PETALING JAYA (The Star/ANN) — Oils sharp decline since June has left many banks looking at heavy losses and the estimated 2 billion pounds (US$3.12 billion) losses for British lenders may be just the tip of the iceberg.

US and Canadian banks that have lent heavily to the sector on the back of the US shale boom could be nursing their wounds too.

Barclays, HSBC and RBS could be sitting on losses of US$1 billion each, while Standard Chartered could face US$400 million of impairments, said the Telegraph, quoting Chirantan Barua, analyst at Bernstein.

“Nearly US$650 billion of high yield debt has been issued in the sector since 2011.

“Momentum in the sector has been strong, growing at (around 20 per cent) in 2012/13.

“When you see US$650 billion of high yield issuance in a sector that has been levering up across the supply chain, any shocks in the underlying business will have risk ripples across the financial system,” Barua was quoted as saying.

Risky high-yield debt-loans to companies that are less stable — have increased substantially in recent years on the back of more activity from smaller players, said the Telegraph.

These borrowers are seen as less likely to withstand prolonged low prices, making them more likely to default on this debt, said the Telegraph.

This is happening hot on the heels of massive fines for forex rigging and a host of other misselling and money laundering charges.

Hopefully, with increased capital input, these banks can weather through the waves.

Related: Assessing the fallout from the fall in oil prices

Singapore had earlier pledged to control household debt which had gone up to 76.3 per cent of gross domestic product (GDP) in the third quarter, compared with 71.9 per cent two years earlier.

Credit Bureau Singapore has come up with an enhanced report which will be available online, displaying a consumer’s total credit limit and total outstanding balances across financial institutions.

Since June, rules for credit cards and unsecured credit have been strengthened, requiring financial institutions to review borrowers’ aggregate credit limits and outstanding balances.

Credit reports will be enhanced further in the second quarter of next year to distinguish interest-bearing unsecured outstanding balances from non-interest bearing ones, said the Singapore Business Times (SBT).

This is ahead of new unsecured credit rules that kick in on June 1, 2015, which will prevent lenders from granting credit to borrowers whose interest-bearing unsecured outstanding balances exceed their annual income for three consecutive months or more, said SBT.

Detailed credit rules are being set out to prevent indebtedness in whatever form.

Singapore is already preparing for external volatility and besides the household sector, it is monitoring risks in its banking and corporate sectors.

In line with its vision to create 100 “smart cities” by 2020, India has eased rules for foreign investment in construction.
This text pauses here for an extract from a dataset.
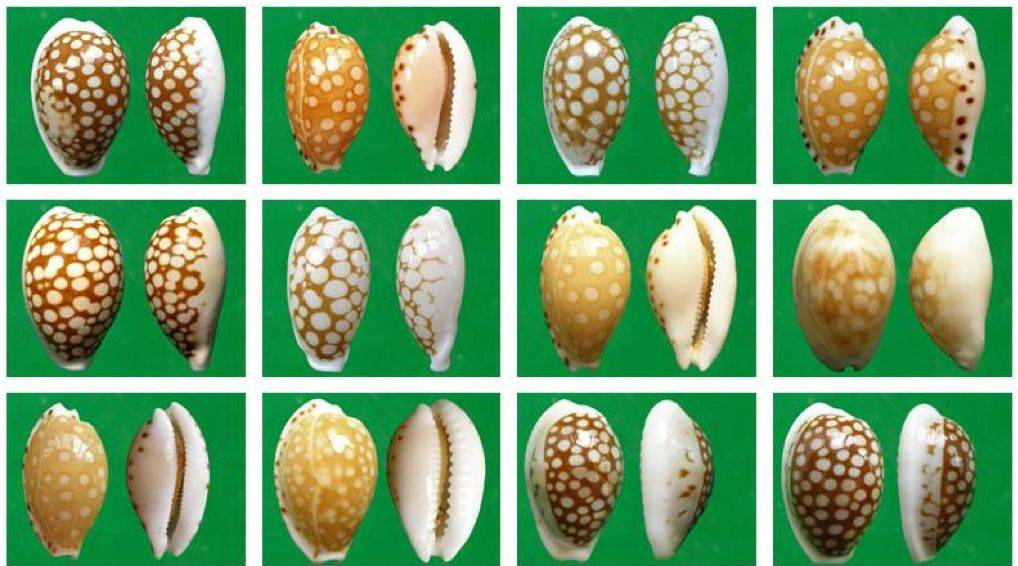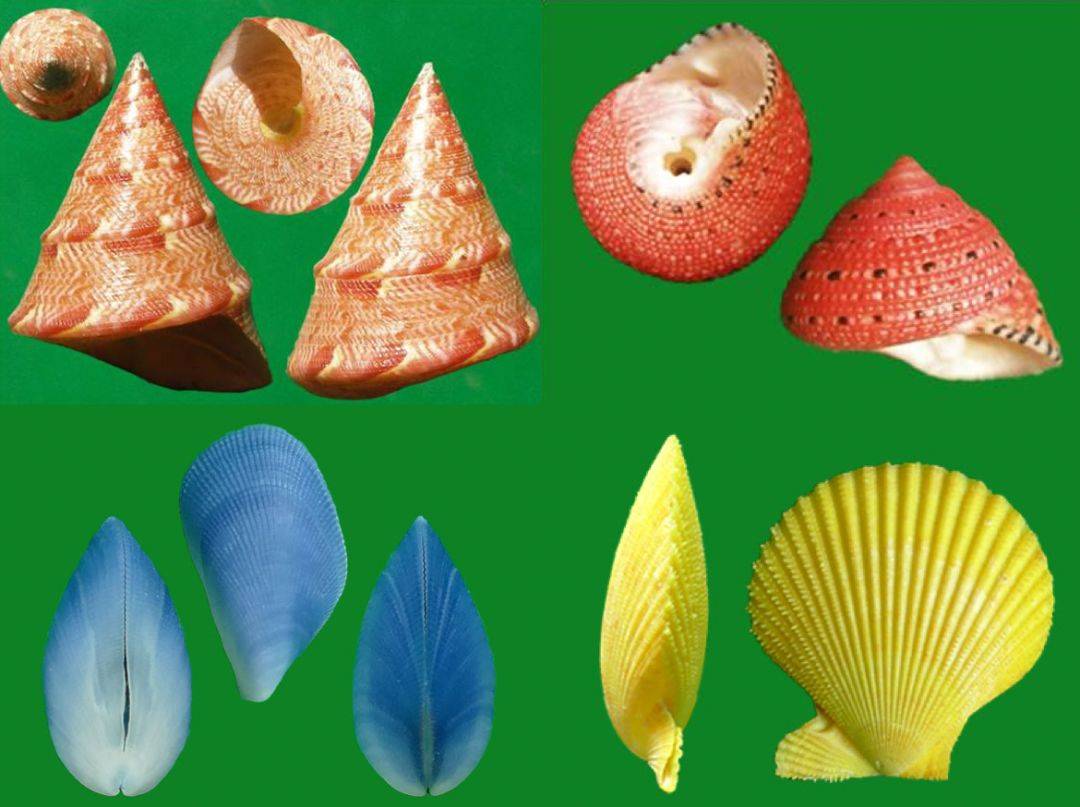 贝壳除了到处都有以外,还有很多其他的多样性问题,比如说颜色。这都是海贝,红色的、蓝色的、黄色的、黑色的、绿色的……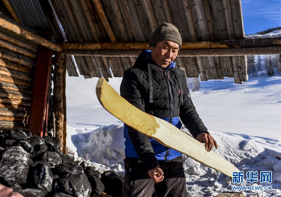 森格爾在新疆布爾津縣禾木村的一處冬季牧場(chǎng)制作毛皮滑雪板(1月3日攝)。新華社記者 胡虎虎 攝

Under the new rules, foreign investment is now allowed in projects with a minimum built area of 20,000 sq m, down from a previous 50,000 threshold, said Reuters.

The minimum capital investment by foreign companies has also been halved to US$5 million, said Reuters, quoting a government statement.

India’s construction industry, worth an estimated US$126 billion, attracted 11 per cent of all foreign investment into the country between 2000 and 2013, the second highest of any sector, but the pace of investment has slowed in recent years, said Reuters.

Besides investment for infrastructure, India is attracting investment for construction of new hotels, housing and townships in its effort to improve living standards.

The result of all this opening up and upgrading will be seen starting five to 10 years down the road.